# Gildan 2000 and Direct to Garment issues Update



## GraphixGuys (Jan 16, 2012)

I wanted to see if any of the DTG guys have been keeping up with the Gildan 2000 issue. I have heard from others on this forum that Gildan has started using a softener to their 2000 line which could very well be what has happened to them as of late. I find that the gildans I have bought recently have to take a larger amount of pretreatment as well as more ink mainly cause the pretreatment still does not seem to apply as well.

From my experience I live and deal with distributors in the south and first noticed the change around February and from my last order earlier this month I have not noticed any change in black, white, red, or navy. 

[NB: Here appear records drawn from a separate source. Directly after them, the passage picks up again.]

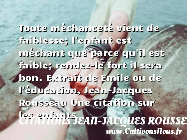 Toute méchanceté vient de faiblesse; l’enfant est méchant que parce qu’il est faible; rendez-le fort il sera bon.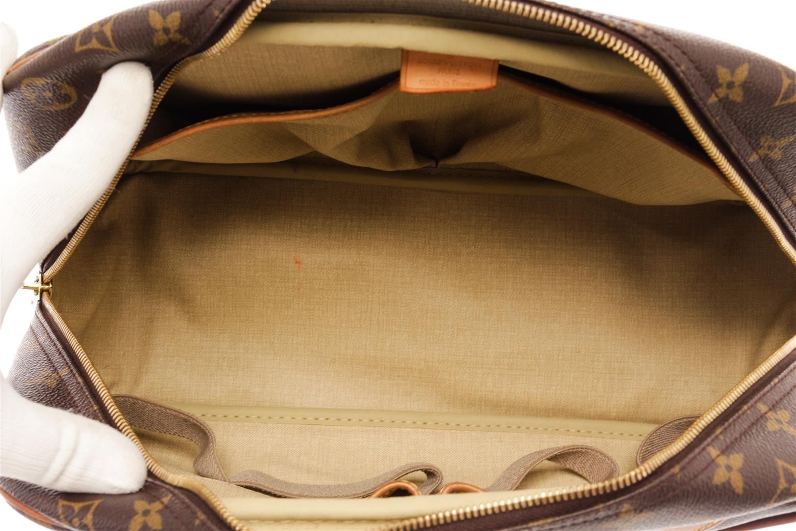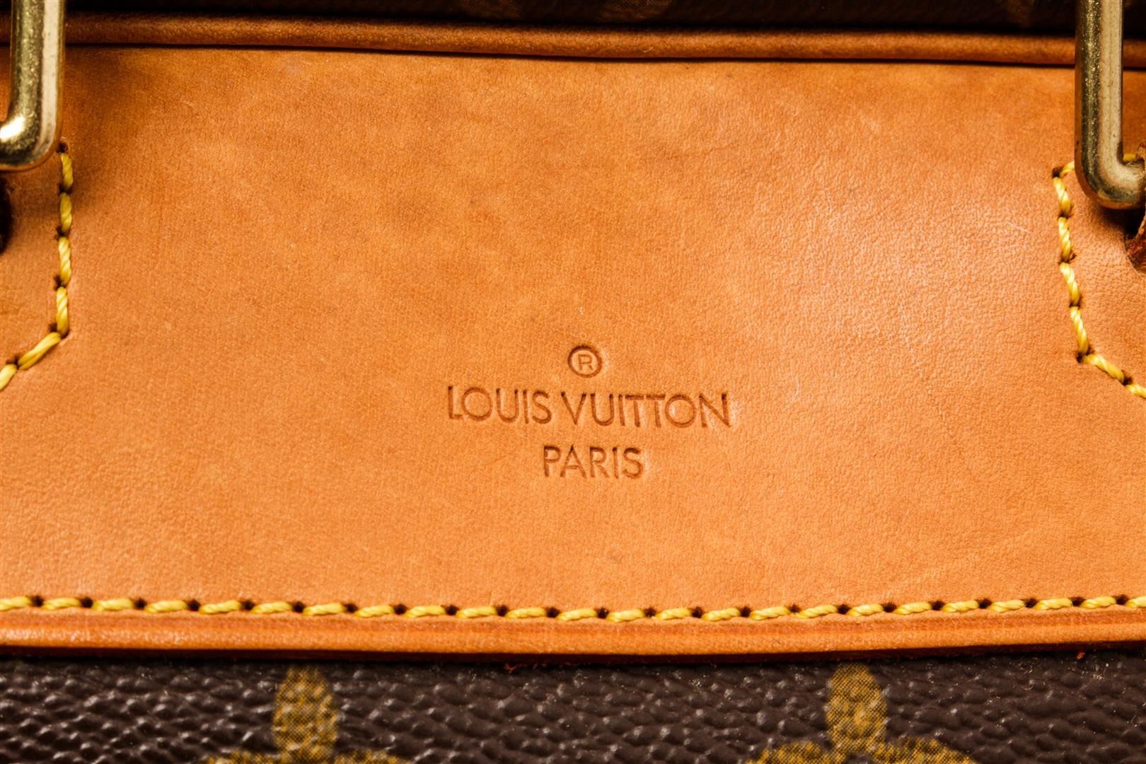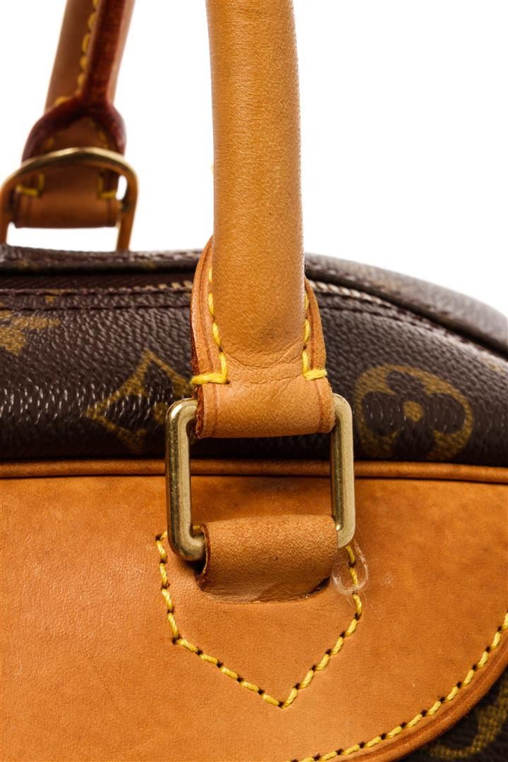Louis Vuitton Brown Monogram Canvas Deauville Satchel Bag. All available information is listed in the description and shown in the photos. Louis Vuitton Brown Monogram Canvas Deauville Satchel Bag with gold-tone hardware, monogram canvas, leather tag, debossed logo, two-way zip fastening, two rounded top handles, front patch pocket, internal patch pockets, internal logo patch. Depth 5.9 in, Handle 4.3 in, Height 11.4 in, Width 13.8 in / Depth 15 cm, Handle 11 cm, Height 29 cm, Width 35 cm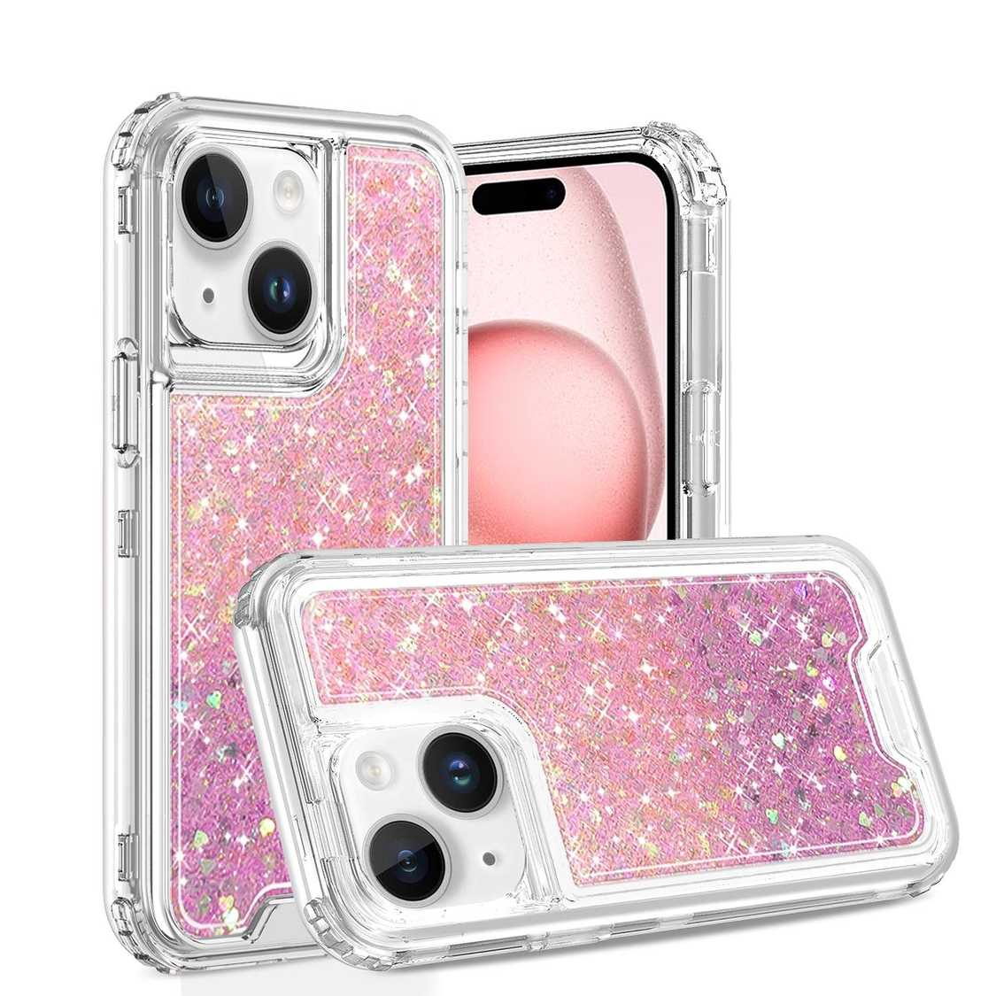 Apple IPhone 14/13,Sticker Glitter 3in1 Shockproof Transparent Hybrid Case – Pink + Light Purple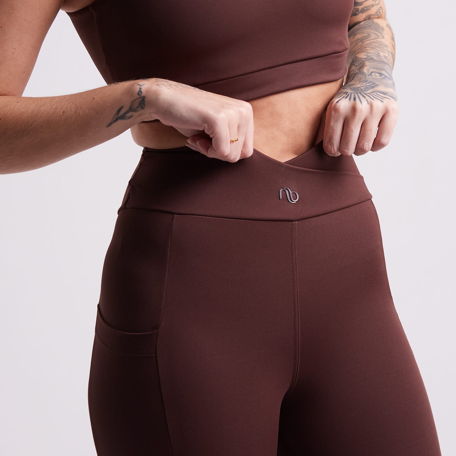 a estética da legging fitness com bolso é limpa, moderna e funcional — bem dna nina basics — pensada para quem quer se movimentar com conforto, tecnologia e aquele encaixe que dá segurança.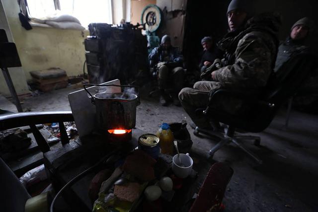 Украинские солдаты отдыхают между боями на окраине Донецкого Аэропорта.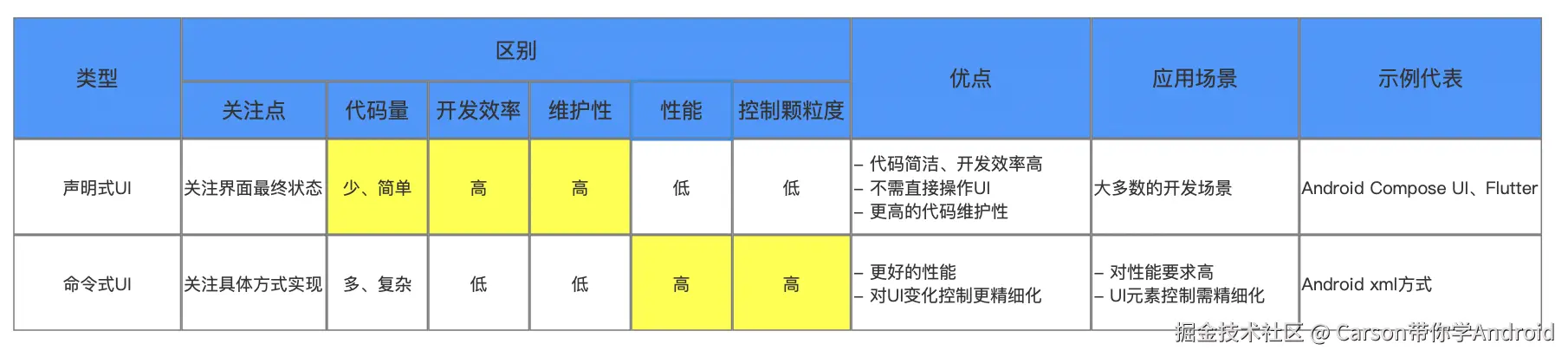 从上面可知,对于大多数开发场景来说声明式 UI更加智能、更加方便,提供了一个更高级别的抽象,简化了开发过程,特别是在复杂界面的开发场景下。具体对比如下: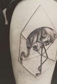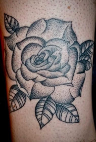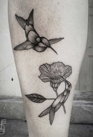 小腿黑色点刺蜂鸟和木槿花纹身图案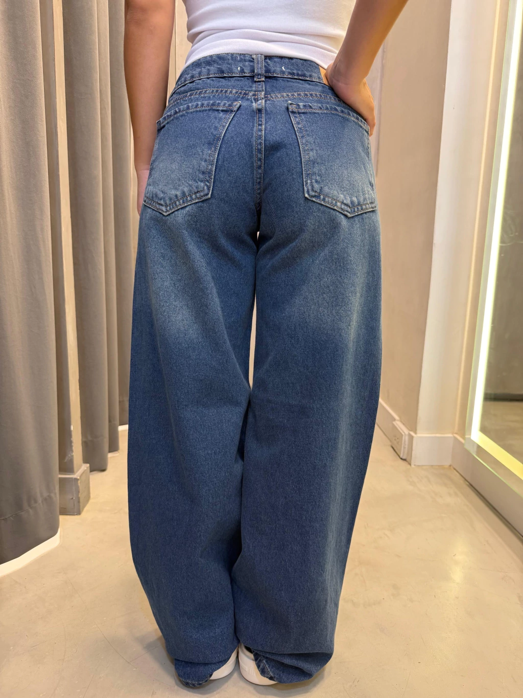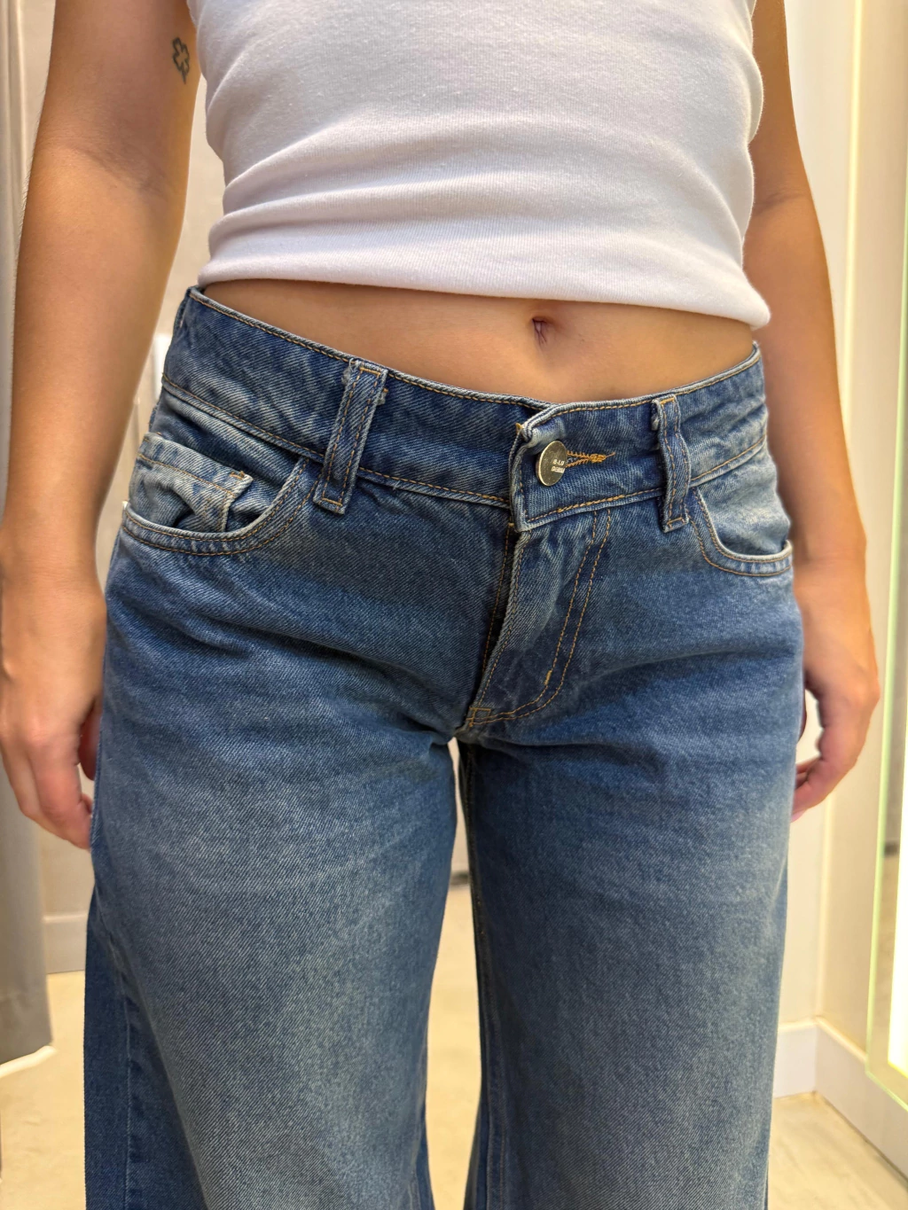 Wide leg. Tiro bajo. Azul gastado. La modelo en la foto usa talle 34.

I have heard that the problem was rectified but I was told that stocks with the "softeners" would be gone thru this the summer.
So I want other Direct to Garment Printers to weight in on if they are having the same issues or if they are seeing an improvement and from what area they are from.


----------



## lkt1954 (Nov 15, 2009)

We have been using the Gildan 2000 for doing test prints and have done a couple of jobs with the orange and black tees. Prints have been good and yet have had any returns due to quality issues. In learning our neoflex I have printed numerous tees and washed at least 5 times and if the pretreatment was right we got great wash results. Right now we are printing 50 of the safety green with a front logo with no white and it looks good and washes good. In fact I have had better results dialing in my pretreatment settings on the G2000 than the keya tees.


----------



## BandPrints (Feb 4, 2007)

We used to print Gildan 5000 & 2000 but have switched to the FOL and Jerzees HD style of shirts. We find they print better, get a more consistent pre-treat, and we can dial in our white ink percentage much better. Last week we did a run of 150 units with 85% base white, 0% highlight and they came out awesome.


----------



## equipmentzone (Mar 26, 2008)

BandPrints said:


> We used to print Gildan 5000 & 2000 but have switched to the FOL and Jerzees HD style of shirts. We find they print better, get a more consistent pre-treat, and we can dial in our white ink percentage much better. Last week we did a run of 150 units with 85% base white, 0% highlight and they came out awesome.




Both the Jerzees HIDENSI-T and Fruit of Loom HD styles are supposedly designed with direct to garment printing in mind.


_


----------